The shattering of glass, a clear depiction. The start of a new cycle. Another beginning.

“Mom! Nan is seizing again,” 

'What do we do?"

“She does it all the time, she’s probably fine,”

“Probably?” 

“Get her meds!” 

They were too late, I was already gone. 

The sun pierced through the sheltered canopy of trees and burned our eyes, but It was not our most prominent problem.  

Physical pain itself was nothing, not in comparison to the most deadly of sensations. 

Fear. 

There was of course fear of pain, that was certainly something to consider. That was also deadly, in a threatening sense. Fear of pain was worse than pain itself, most people would do anything to avoid pain, in many cases causing themselves more pain in the attempt. Most people fell prey to that, willingly giving up everything and anything they could forfeit to avoid the mere notion of pain

I was not most people. 

Fear did more than pain. Fear triggered everything. Nothing can escape it. Rationality was not an option. 

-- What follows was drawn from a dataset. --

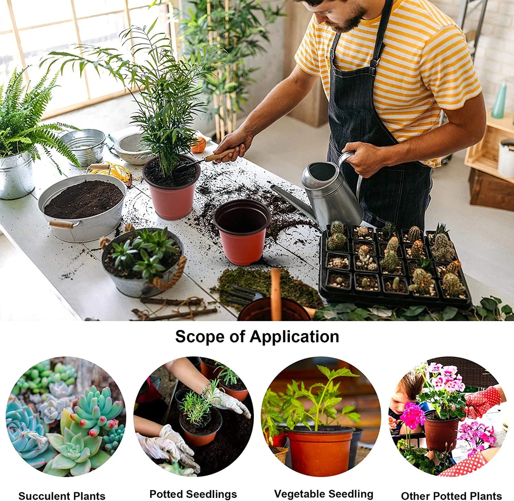 Enough Quantity: You will receive 110 nursery pots, which has high cost performance. The 4-inch plants nursery pots are suitable for greening projects, home gardening, flower display in shopping malls, garden nursery and so on. Durable: These plastic nursery pot is made of PP material, which has no stimulating smell. With good quality and strong flexibility, it will not be damaged; it is also break-resistant and wear resistant. The nursery pot can be restored to it's original shape by hand once deformed, and can be reused after washing. Plant Pots Size: The outside diameter of the top is 4in, the bottom is 2.6in, and the height is 3.2in. These plants nursery pots are very suitable succulent seedling breeding and urban landscape plant cultivation. Design Improvement: There are 8 drainage holes at the bottom of the plants nursery pots. We improved the design, thickened the bottom, increased the number of drainage holes. Increasing the holes to facilitate drainage and gas flow, prevent root rot, and improve the survival rate of the nursery. Beautiful and Practical: The product is integrated, with simple design, red brick exterior and dark interior, which can effectively prevent ultraviolet, beautiful and practical. Product Description Augshy Nursery Pots for Succulent Seedling Cutting Transplanting The plant pot is suitable for planting most samll plants, vegetables, flowers, professional nursery cultivation, gardening, seed starting, cuttings, seedlings and transplanting plant. These plastic nursery pot is made of PP material, which has no stimulating smell. With good quality and strong flexibility, this nursery pot are not easy to break,can be used for a long time. The nursery pot bottom has small drain holes to keep soil drained and ventilated, good seedling pots. Easy to recover original shape after deformation. Ideal for plant grow. These nursery pots is for transplanting seedlings and starting seedlings,widely used in nursery Plastic Plant Pot for Succulent Seedling Cutting Transplant Plants can breathe freely, avoid excessive watering, maintain soil drainage and ventilation,therefore, the plants can grow better The seeding pot is suitable for greening projects, home gardening, flower display in shopping malls, garden nursery and so on. Plastic nursery pot for plants,cuttings & seedlings,Plant Seed Starting,ideal for doing lot of succulent propagation,ideal as plant transition pots.light weight,soft thin plastic.reusable The plant nursery pots are very suitable succulent seedling breeding and urban landscape plant cultivation. Added Drain Holes In view of the fact that the less drainage holes of seed starting pots in the market will cause root rot, we have improved the design and added drainage holes. The nursery pot bottom has 8 small Drain holes to keep soil drained and ventilated, washable and reusable. We are committed to providing customers with the best products and services, so that sellers can get to know us through products. Won't be Crushed Our nursery pots are made of quality materials, they will not be crushed, so they can be used many times.They can also be used as transition pots. If "the same pots" you used before are fragile, please be careful that the quality of the seed starting pots you buy is very poor, and they are very likely to be made of recycled materials. But rest assured, our flowerpots are made entirely of new materials and can be used for a long time. Great for Nursery Plastic pots for plants, cuttings & seedlings, plant seed starting. Great for Doing lot of succulent propagation, great as plant transition pots.light weight, soft thin plastic. If you are a nursery enthusiast, please try to use our flowerpots. They will satisfy you. These small mini plastic flower nursery pots can be used for indoor and outdoor planting for a long time. They are suitable for planting all kinds of indoor outdoor plants,such as vegetables, flowers, professional nursery cultivation, gardening.

Fear rendered most people useless. 

I was not most people. 

In a few cases, fear was beneficial. Causing a needed burst of adrenaline, and of course, motivation. But alas, that ‘motivation’ fell into the fear of pain category. 

But like with most drugs, there were withdraws. 

Fear in large quantities had lasting effects on most people who experience it. 

For this instance, I was most people. 

I could smell the fear clotting the air like smoke. We were practically choking on it. 

The air also reeked of blood. We were used to that. It added to the fear of pain. These people knew this, they were smart.  

The zip ties around our wrists dug into the skin. It was quite painful, but still not the most prominent. That was fear’s domain. 

I braced my wrists against the sharp, knife-like edge of the device causing myself as much pain as possible, getting my blood to flow. 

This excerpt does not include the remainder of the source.